— DATA —

────────────────

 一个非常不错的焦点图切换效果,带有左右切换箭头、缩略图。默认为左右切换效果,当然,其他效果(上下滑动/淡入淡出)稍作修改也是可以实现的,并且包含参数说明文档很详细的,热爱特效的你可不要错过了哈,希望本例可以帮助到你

────────────────

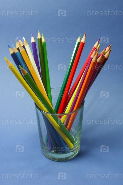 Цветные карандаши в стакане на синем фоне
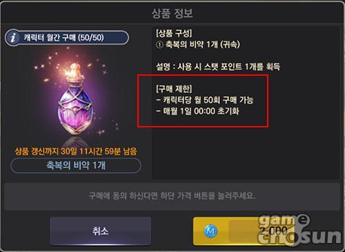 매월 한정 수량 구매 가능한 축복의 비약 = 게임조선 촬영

────────────────

— REQUIREMENT —
Exactly as written above, retype the lines starting at the one holding "Цветные карандаши в стакане на синем фоне" and ending at the one holding "매월 한정 수량 구매 가능한 축복의 비약 = 게임조선 촬영", both included, but not the pictures.

— REPLY TO THE EXERCISE —
 Цветные карандаши в стакане на синем фоне
 매월 한정 수량 구매 가능한 축복의 비약 = 게임조선 촬영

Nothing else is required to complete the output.